Génèse d'une entreprise
Moments de la genèse d’une entreprise
Contrairement à l’atelier du vendredi après-midi, ou le modèle des « solutions » a été développé comme modèle mémétique central, nous abordons ce matin la genèse dune structure sous un angle plus analogique. L’entreprise naissante est pratiquement assimilée à une créature, alors que dans le modèle précédent, les créatures sont les solutions qui consistent respectivement à fabriquer, échanger, utiliser ou éliminer un objet.
Dans ce cadre, le moment de la création initiale de la structure peut s’entendre comme une solution de fabrication : « créer une entité juridique nommée entreprise ». Une entreprise est un objet très particulier, mais qui est bel est bien, à son origine, le fruit d’un acte de création, donc relevant d’une variété mémétique en soi : la création d’entreprise.
Nous sommes dans une pépinière d’entreprises.

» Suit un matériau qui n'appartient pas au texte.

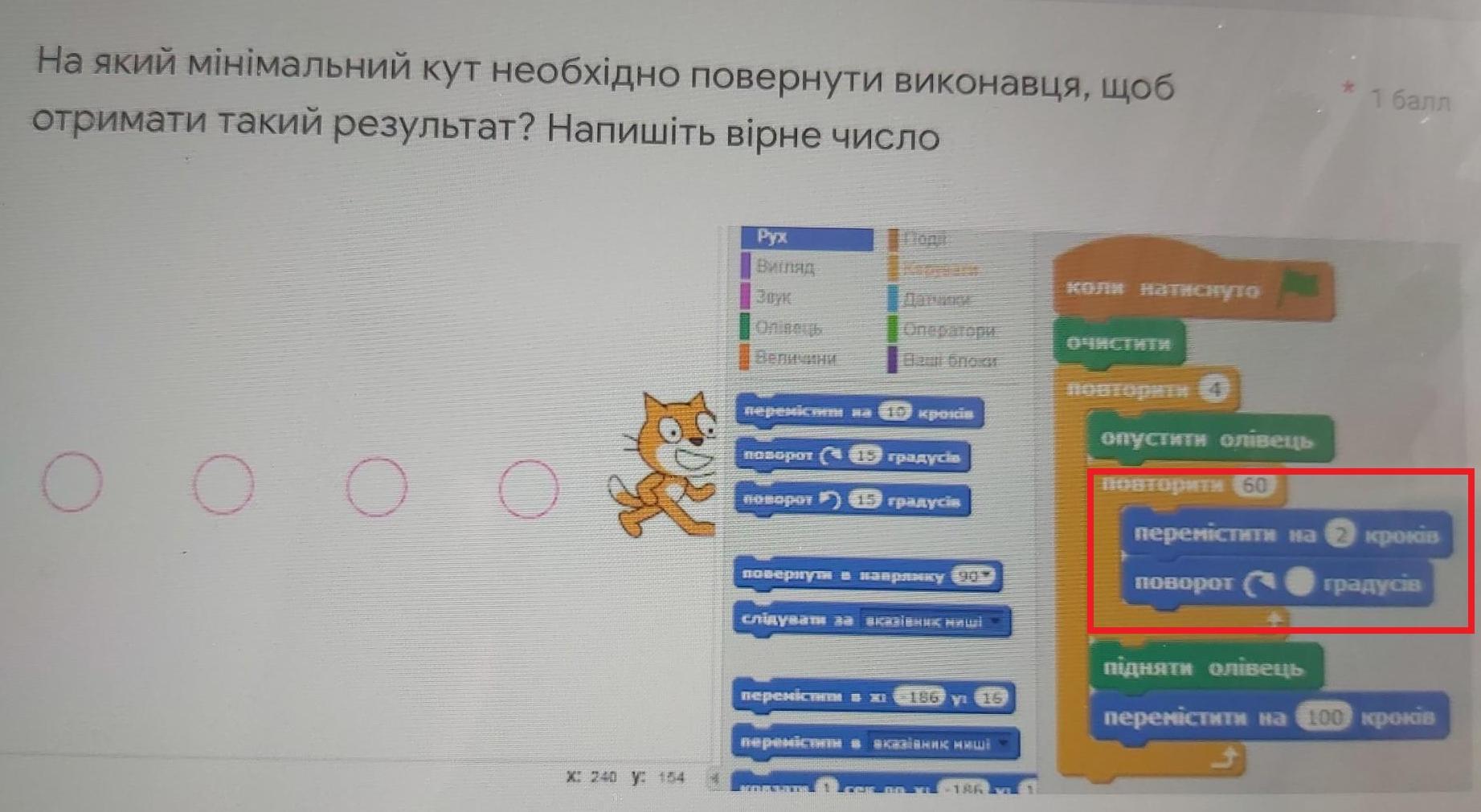 чтобы выполнить поворот на 360° за 60 раз, надо каждый повтор цикла поворачиваться на 6° (360 / 60 = 6)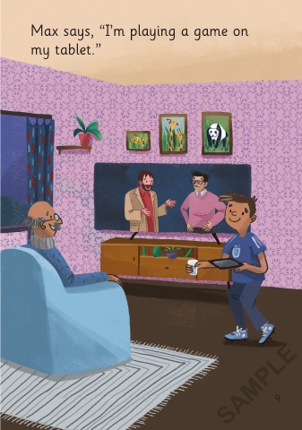 Grandpa says, “Hello, Max. This is Max says, “I’m playing a game on funny. Come and see.” my tablet.” SAMPLE 8 9 3/9/21 11:37 AM TV Time 01-24_Chit2P.indd 8-9 TV Time 01-24_Chit2P.indd 8-9 3/9/21 11:37 AM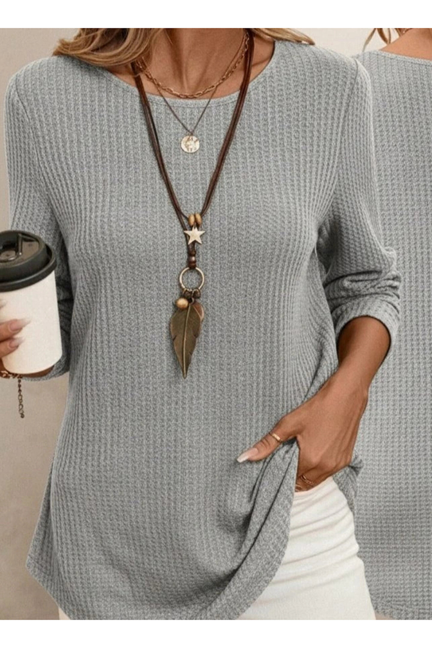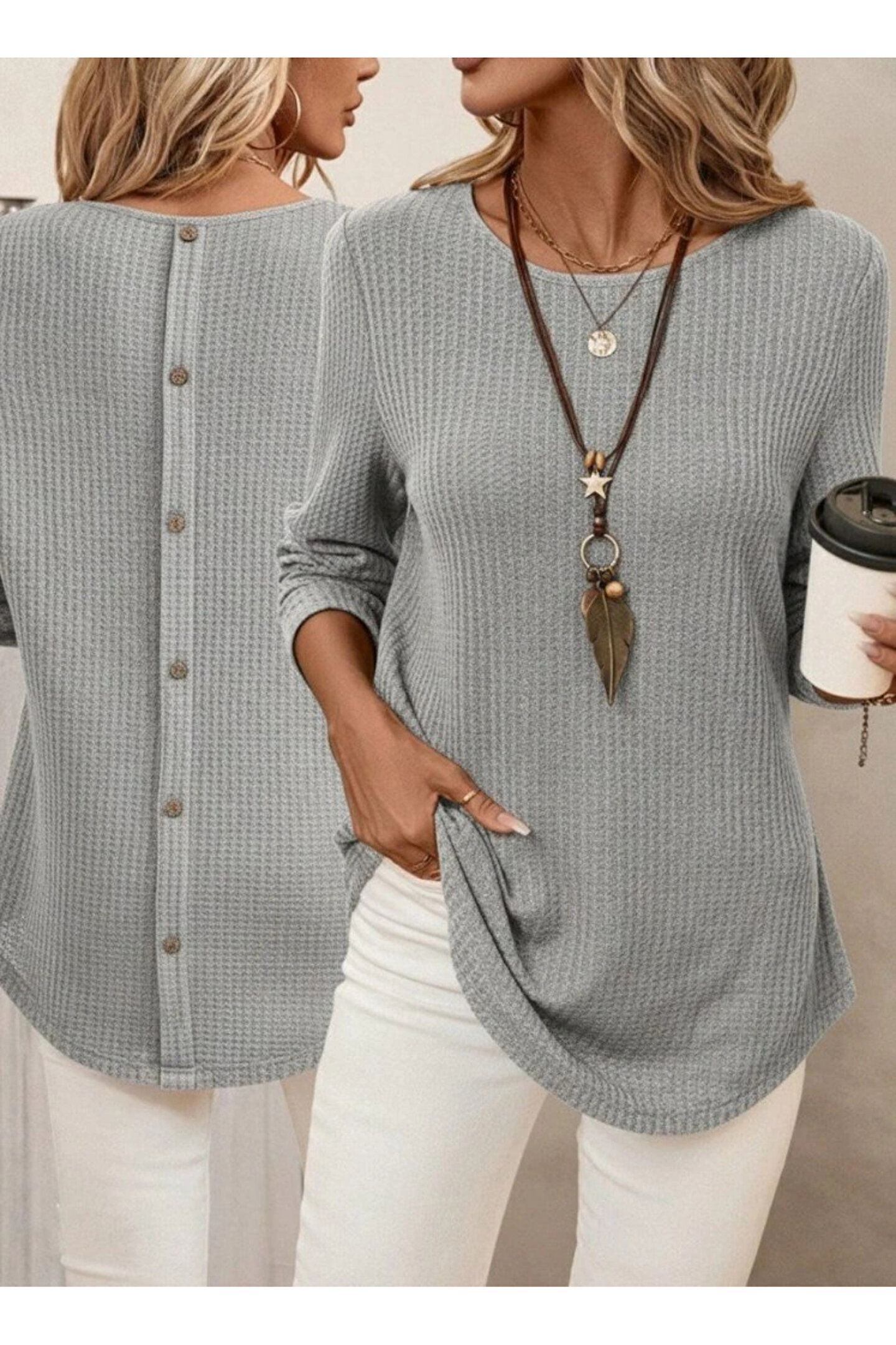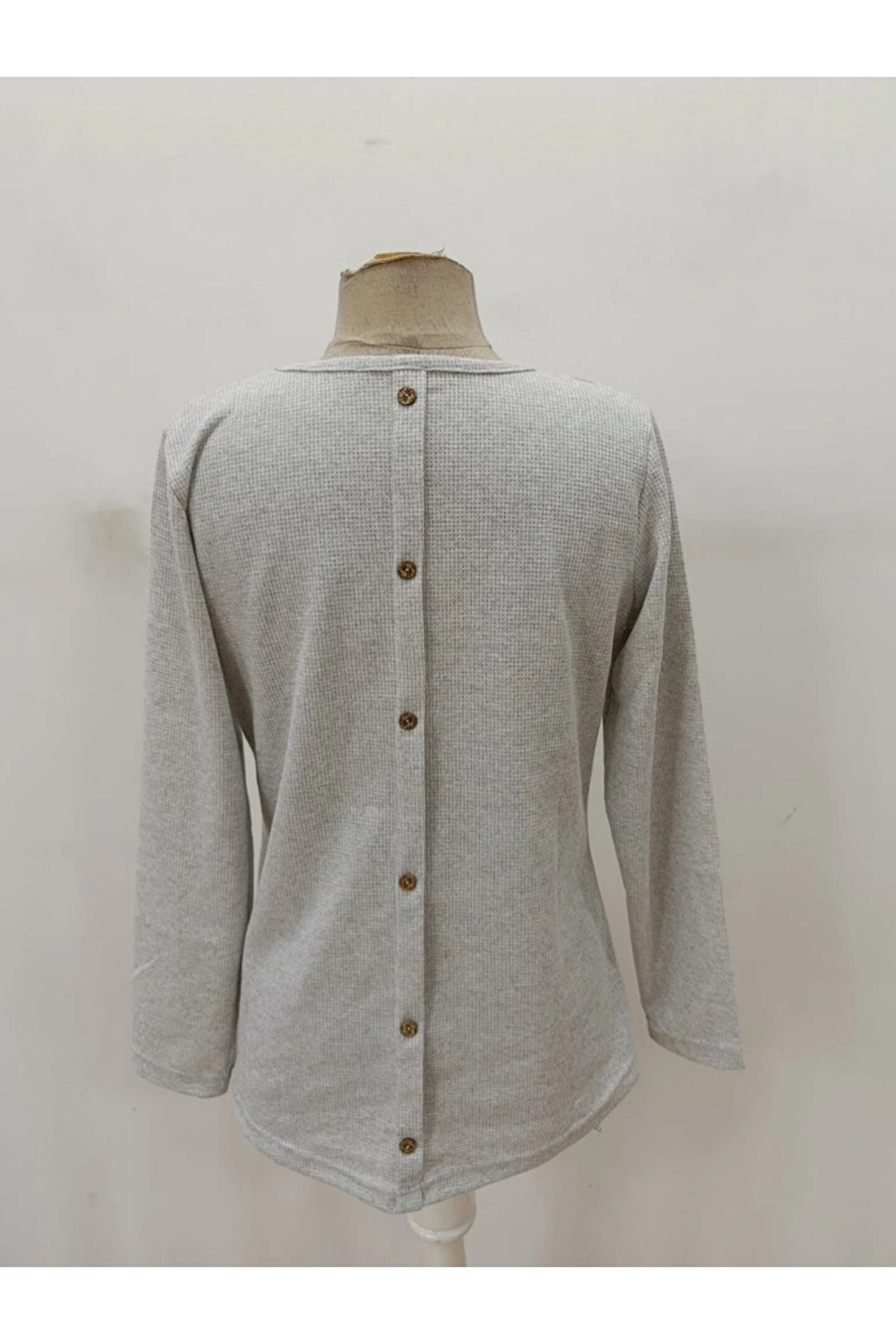 KadınUzun Kollu Yuvarlak Yaka Arkadan Düğmeli Waffle Bluz

C’est dans un tel écosystème que se développent ces solutions.
Si l’on poursuit ce cheminement heuristique, on retrouvera quelques années plus tard l’entreprise « viable » comme un écosystème à part entière où vivent des solutions de fabrication, de transaction et d’usage en plus ou moins grand nombre.
La discussion du samedi matin portait sur les moments particuliers, dans la genèse d’une entreprise, où des phénomènes de sélection peuvent se manifester. Dans les projets, dans les démarches, dans les premiers temps de vie précaire de la structure.
Une première représentation schématique des conditions d’émergence d’une entreprise apparaît comme la rencontre entre un besoin compris ou supposé de la part d’une clientèle et la capacité de fournir une offre. Les deux choses étant reliées par une capacité d’opérer la transaction en récoltant le paiement.
Mais au centre de ce phénomène de concrétisation, il y a avant tout (au minimum) une personne. Le créateur de l’entreprise. Il n’y a pas d’entreprise sans créateur
Bertrand rappelle un livre « Batisseurs d’empires par accident » sur l’histoire des NTIC qui retrace trois temps dans la vie d’une entreprise : le temps des défricheurs, celui des bâtisseurs et celui des gestionnaires.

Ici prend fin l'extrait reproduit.